L’intelligence artificielle va-t-elle changer la manière de manager ?
Peter Drucker affirmait, en 19672, que les ordinateurs ne prennent pas de décisions, car ce ne sont que des outils, parfaitement « idiots » : « plus l’outil est stupide, plus l’utilisateur doit être brillant ! ». Pourtant, l’on pourrait croire aujourd’hui que la donne a changé. Avec le développement croissant de l’intelligence artificielle, des systèmes auto-apprenants, certains algorithmes sont capables d’accompagner les choix des directions. Des entreprises recourent déjà à des algorithmes de prises de décision, comme la société Deep Knowledge Ventures, basée à Hong Kong3, qui a intégré un robot, nommé « Vital », dans son conseil d’administration. Son rôle est primordial puisqu’il doit veiller aux intérêts financiers de la société et identifier les investissements les plus judicieux à effectuer.
Un autre exemple avec le système Watson, développée par IBM. Il est aujourd’hui capable d’analyser en temps réel toutes les données sur internet, sur un sujet particulier, afin de répondre à une question précise. Ceci le rend plus performant qu’un chercheur. Watson commence également à remplacer les RH en analysant les traits de personnalités de potentiels futurs employés, à partir de leurs profils et CV en ligne. Les concepteurs de ce système précisent néanmoins que Watson n’est qu’une aide à la décision, un support de documentation et d’analyse et que l’homme prévaudra toujours sur les décisions.

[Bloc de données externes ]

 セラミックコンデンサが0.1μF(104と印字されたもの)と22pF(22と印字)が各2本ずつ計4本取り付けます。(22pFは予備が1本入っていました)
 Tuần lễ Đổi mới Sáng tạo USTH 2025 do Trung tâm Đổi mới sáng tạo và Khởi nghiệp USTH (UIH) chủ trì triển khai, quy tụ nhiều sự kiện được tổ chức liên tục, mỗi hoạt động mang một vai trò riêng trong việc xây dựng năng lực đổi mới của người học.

Mais jusqu’où l’homme sera-t-il capable de faire la différence entre l’intelligence et l’efficacité ? Entre l’intelligence qui intègre des valeurs, et l’efficacité qui promet des résultats ? Dans « Cybernétique et Société », Norbert Wienner, le père de la cybernétique, résume parfaitement cet enjeu : « Tout appareil construit dans le but de prendre des décisions, s’il ne possède pas la capacité d’apprendre, respectera la lettre et non pas l’esprit. Malheur à nous si nous le laissons nous guider et si nous n’examinons pas auparavant les lois de son action et les principes, humainement acceptables ou non, de sa conduite ».

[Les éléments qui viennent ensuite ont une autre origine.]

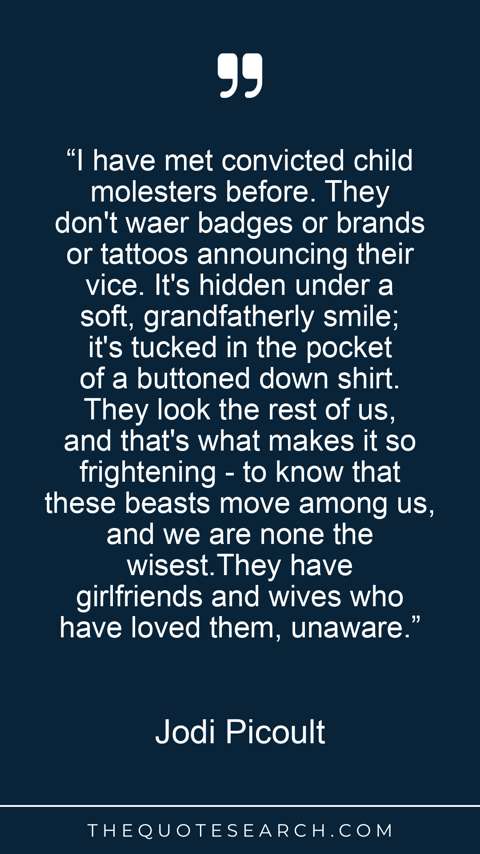 “I have met convicted child molesters before. They don't waer badges or brands or tattoos announcing their vice. It's hidden under a soft, grandfatherly smile; it's tucked in the pocket of a buttoned down shirt. They look the rest of us, and that's what makes it so frightening - to know that these beasts move among us, and we are none the wisest.They have girlfriends and wives who have loved them, unaware.”
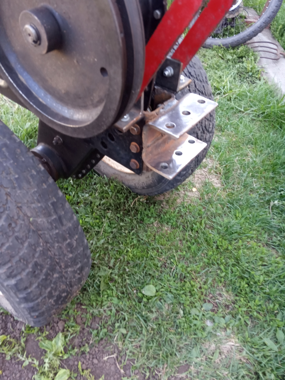 Привернул руль, токарь изготовил удлинители колес, из толстостенной трубы. Флянцы для крепления колес взял с немецкой сеялки с ступиц срезал.
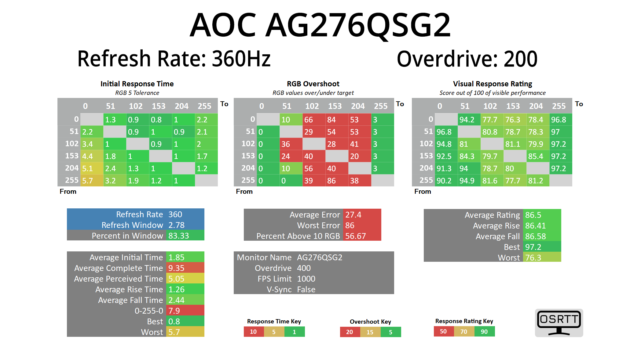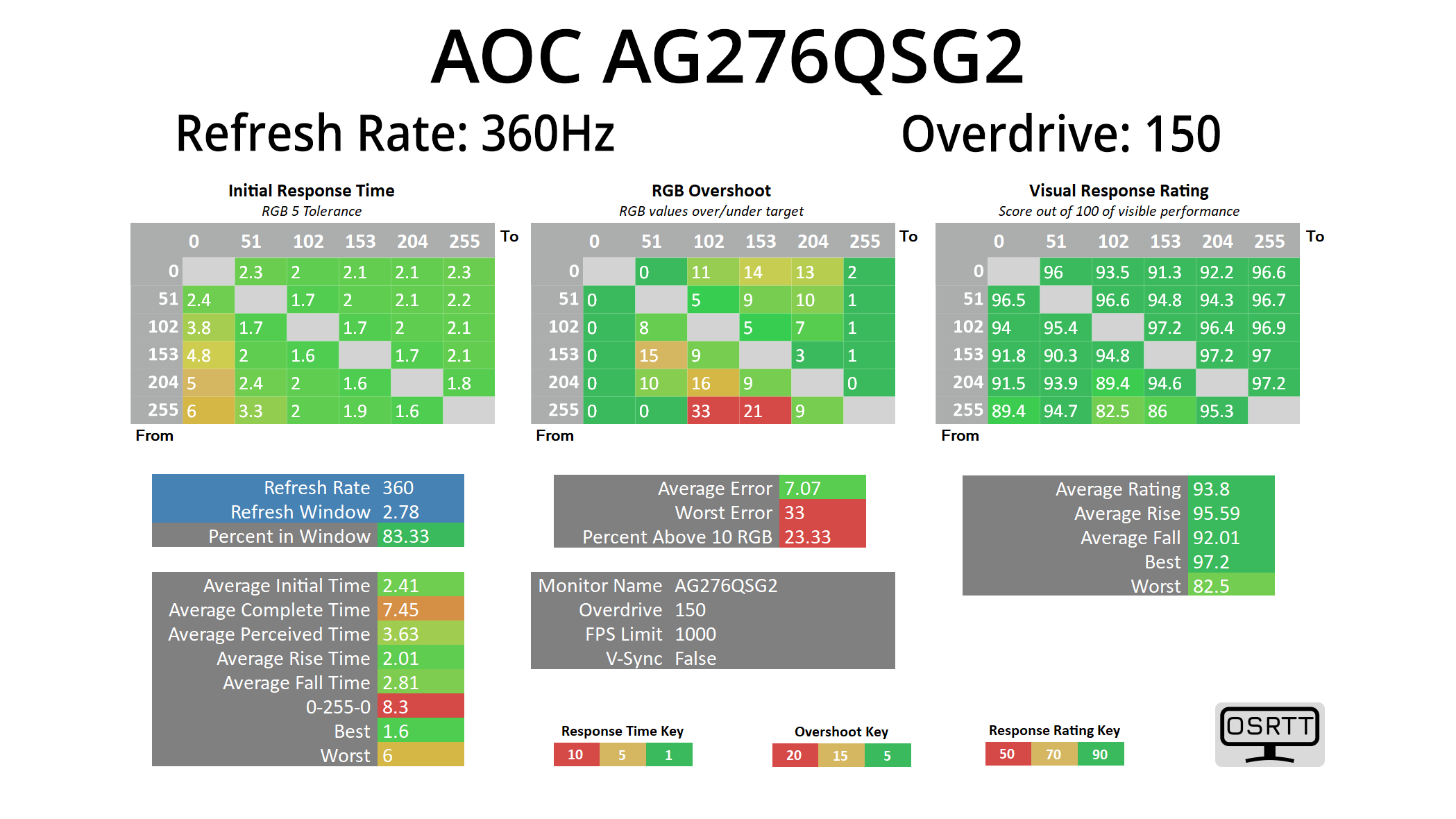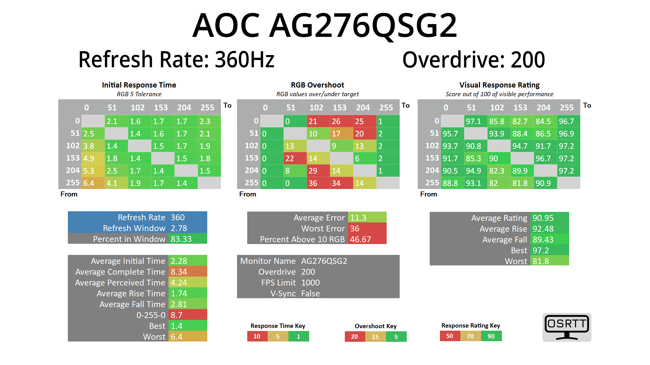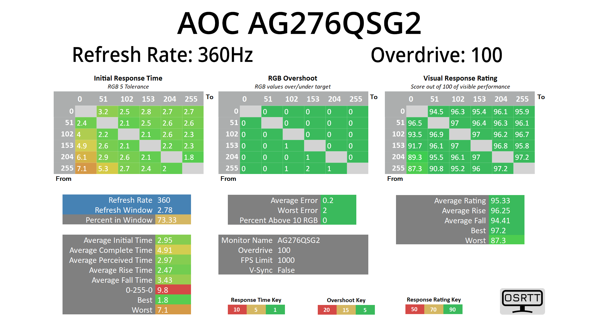 We use the Open Source Response Time Tool (OSRTT), developed by TechTeamGB, for our response time testing. This measures grey-to-grey response times and presents the results in a series of heatmaps, the style of which you may be familiar with from other reviews.

L’IA et les robots vont-ils détruire l’emploi ?
L’intelligence artificielle pose également des enjeux sociétaux et éthiques. L’automatisation croissante des tâches pose la question de la disparition de certains emplois, tandis que la délégation de tâches à responsabilité (décision, recommandation) à des machines pose celle du libre arbitre et de la place laissée à la pertinence de l’interprétation humaine.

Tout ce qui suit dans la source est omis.